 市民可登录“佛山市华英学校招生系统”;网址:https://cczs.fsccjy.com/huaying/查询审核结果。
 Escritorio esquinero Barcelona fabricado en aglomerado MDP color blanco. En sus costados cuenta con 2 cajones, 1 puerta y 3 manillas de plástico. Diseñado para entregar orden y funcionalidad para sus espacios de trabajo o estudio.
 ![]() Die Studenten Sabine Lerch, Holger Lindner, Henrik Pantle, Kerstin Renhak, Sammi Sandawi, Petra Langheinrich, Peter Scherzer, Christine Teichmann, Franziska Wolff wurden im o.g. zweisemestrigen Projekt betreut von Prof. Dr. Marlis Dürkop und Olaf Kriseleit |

* * *

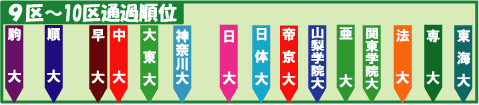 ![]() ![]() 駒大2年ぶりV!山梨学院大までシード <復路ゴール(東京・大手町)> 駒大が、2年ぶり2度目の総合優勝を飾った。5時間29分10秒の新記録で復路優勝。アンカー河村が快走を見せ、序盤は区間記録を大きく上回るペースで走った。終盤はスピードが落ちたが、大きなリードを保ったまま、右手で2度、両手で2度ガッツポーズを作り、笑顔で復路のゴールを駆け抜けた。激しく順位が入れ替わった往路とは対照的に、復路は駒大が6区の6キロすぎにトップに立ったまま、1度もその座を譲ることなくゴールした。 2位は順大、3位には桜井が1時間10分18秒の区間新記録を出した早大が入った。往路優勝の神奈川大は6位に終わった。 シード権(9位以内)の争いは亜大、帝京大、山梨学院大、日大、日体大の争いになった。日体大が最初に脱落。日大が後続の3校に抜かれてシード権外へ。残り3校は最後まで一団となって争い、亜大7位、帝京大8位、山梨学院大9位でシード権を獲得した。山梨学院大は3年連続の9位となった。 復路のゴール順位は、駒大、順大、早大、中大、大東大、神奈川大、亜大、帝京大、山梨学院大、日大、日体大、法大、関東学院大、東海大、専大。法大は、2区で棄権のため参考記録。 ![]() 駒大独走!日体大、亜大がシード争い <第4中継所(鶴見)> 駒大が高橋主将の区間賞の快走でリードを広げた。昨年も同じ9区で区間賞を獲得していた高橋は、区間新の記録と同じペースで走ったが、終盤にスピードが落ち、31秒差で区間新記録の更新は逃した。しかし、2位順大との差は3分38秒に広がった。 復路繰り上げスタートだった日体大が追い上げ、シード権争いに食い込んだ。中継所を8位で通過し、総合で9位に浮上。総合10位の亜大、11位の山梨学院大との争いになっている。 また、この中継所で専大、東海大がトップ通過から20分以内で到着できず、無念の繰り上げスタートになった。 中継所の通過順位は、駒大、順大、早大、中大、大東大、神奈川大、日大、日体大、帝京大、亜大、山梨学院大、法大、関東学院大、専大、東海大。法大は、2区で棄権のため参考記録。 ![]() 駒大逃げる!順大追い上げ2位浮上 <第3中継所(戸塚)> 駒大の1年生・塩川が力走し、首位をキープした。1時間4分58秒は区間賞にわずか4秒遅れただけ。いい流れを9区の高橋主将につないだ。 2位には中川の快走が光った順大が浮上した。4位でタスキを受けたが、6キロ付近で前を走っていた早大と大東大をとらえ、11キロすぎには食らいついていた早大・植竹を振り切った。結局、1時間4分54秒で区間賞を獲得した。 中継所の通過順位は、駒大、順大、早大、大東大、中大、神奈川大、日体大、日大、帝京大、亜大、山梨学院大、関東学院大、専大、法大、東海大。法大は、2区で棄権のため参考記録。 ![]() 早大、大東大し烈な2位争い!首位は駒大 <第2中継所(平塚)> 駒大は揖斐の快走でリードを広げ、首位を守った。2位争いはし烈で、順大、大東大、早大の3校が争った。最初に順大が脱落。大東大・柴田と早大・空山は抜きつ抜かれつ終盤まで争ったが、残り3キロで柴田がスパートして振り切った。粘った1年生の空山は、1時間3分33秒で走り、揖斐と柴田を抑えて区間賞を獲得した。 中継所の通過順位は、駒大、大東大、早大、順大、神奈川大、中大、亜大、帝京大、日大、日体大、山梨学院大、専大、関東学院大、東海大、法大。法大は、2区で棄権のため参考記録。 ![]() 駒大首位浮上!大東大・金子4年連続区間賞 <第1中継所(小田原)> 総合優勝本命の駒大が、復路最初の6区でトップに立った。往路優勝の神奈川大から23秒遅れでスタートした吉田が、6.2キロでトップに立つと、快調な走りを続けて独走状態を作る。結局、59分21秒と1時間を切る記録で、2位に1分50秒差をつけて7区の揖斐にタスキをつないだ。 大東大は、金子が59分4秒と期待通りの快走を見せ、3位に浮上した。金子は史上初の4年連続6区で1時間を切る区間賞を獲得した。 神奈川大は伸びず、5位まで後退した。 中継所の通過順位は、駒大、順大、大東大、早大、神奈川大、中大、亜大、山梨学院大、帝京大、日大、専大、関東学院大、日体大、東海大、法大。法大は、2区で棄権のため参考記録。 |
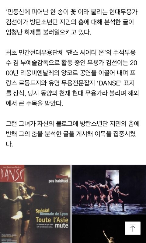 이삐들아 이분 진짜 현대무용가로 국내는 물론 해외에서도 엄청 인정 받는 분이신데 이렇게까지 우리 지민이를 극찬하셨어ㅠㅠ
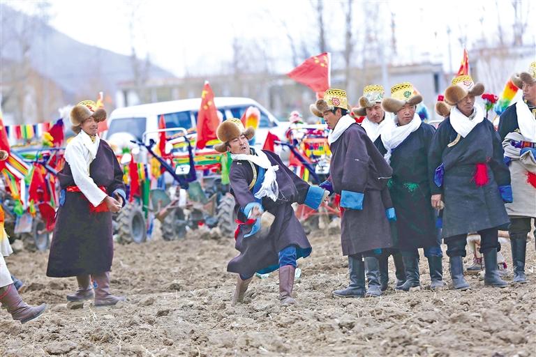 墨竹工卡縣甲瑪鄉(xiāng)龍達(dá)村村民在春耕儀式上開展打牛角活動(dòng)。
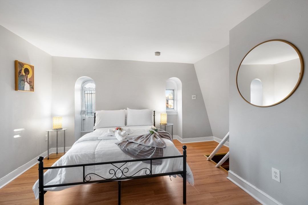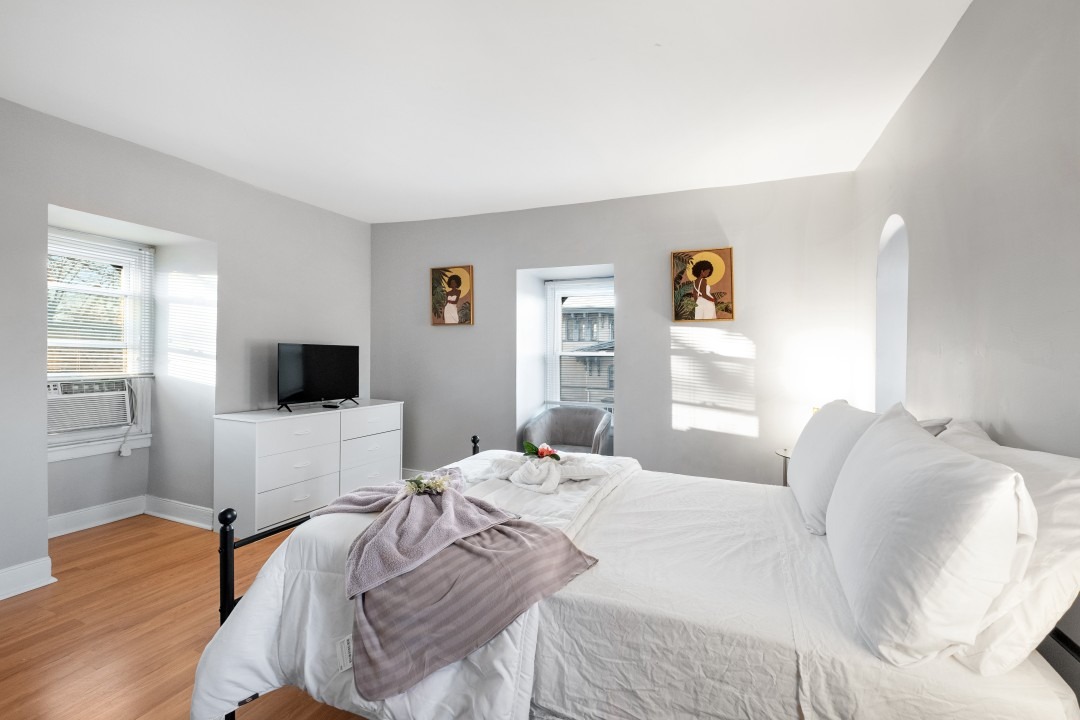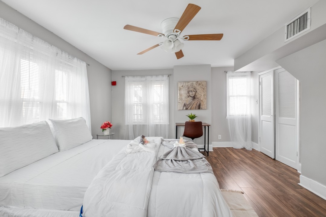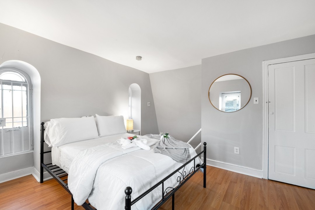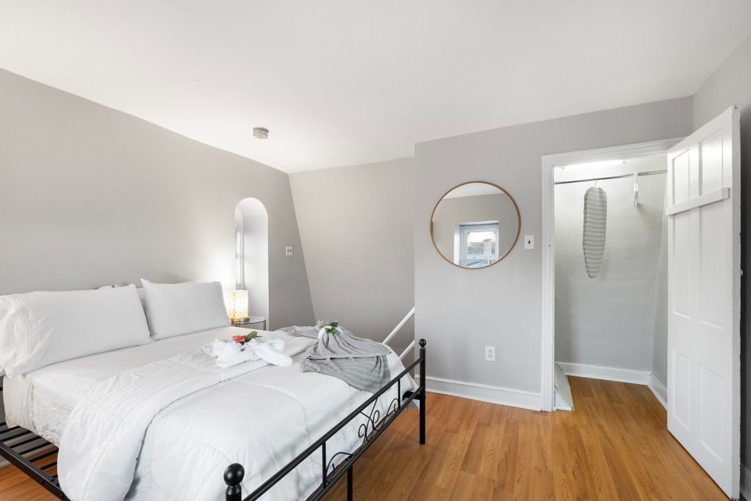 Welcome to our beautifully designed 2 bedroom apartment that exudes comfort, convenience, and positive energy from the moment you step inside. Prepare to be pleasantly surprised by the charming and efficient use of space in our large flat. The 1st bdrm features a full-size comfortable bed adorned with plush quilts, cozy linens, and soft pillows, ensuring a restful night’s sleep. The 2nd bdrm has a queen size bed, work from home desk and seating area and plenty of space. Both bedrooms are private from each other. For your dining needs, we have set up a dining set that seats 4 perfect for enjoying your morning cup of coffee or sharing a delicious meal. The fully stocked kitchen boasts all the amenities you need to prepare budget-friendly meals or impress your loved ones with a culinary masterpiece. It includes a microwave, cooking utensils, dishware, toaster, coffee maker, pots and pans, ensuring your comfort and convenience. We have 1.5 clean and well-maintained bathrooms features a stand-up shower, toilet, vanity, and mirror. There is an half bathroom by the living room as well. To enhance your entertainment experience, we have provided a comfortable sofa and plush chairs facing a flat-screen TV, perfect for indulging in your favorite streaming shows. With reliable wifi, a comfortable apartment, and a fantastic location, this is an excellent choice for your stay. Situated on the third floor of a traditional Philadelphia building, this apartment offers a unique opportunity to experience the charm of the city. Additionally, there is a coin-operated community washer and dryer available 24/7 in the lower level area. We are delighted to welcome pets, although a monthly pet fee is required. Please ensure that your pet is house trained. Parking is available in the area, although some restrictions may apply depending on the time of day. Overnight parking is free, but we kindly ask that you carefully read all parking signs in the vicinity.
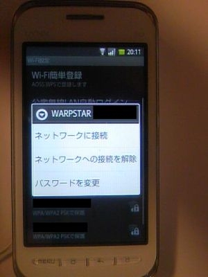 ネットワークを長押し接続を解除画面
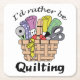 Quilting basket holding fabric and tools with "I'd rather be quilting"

Exercise:
The stretch to restate runs from the line above containing "ネットワークを長押し接続を解除画面" through the line containing "Quilting basket holding". Copy it word for word, ends included, without pictures.

Answer box:
 ネットワークを長押し接続を解除画面
 Quilting basket holding fabric and tools with "I'd rather be quilting"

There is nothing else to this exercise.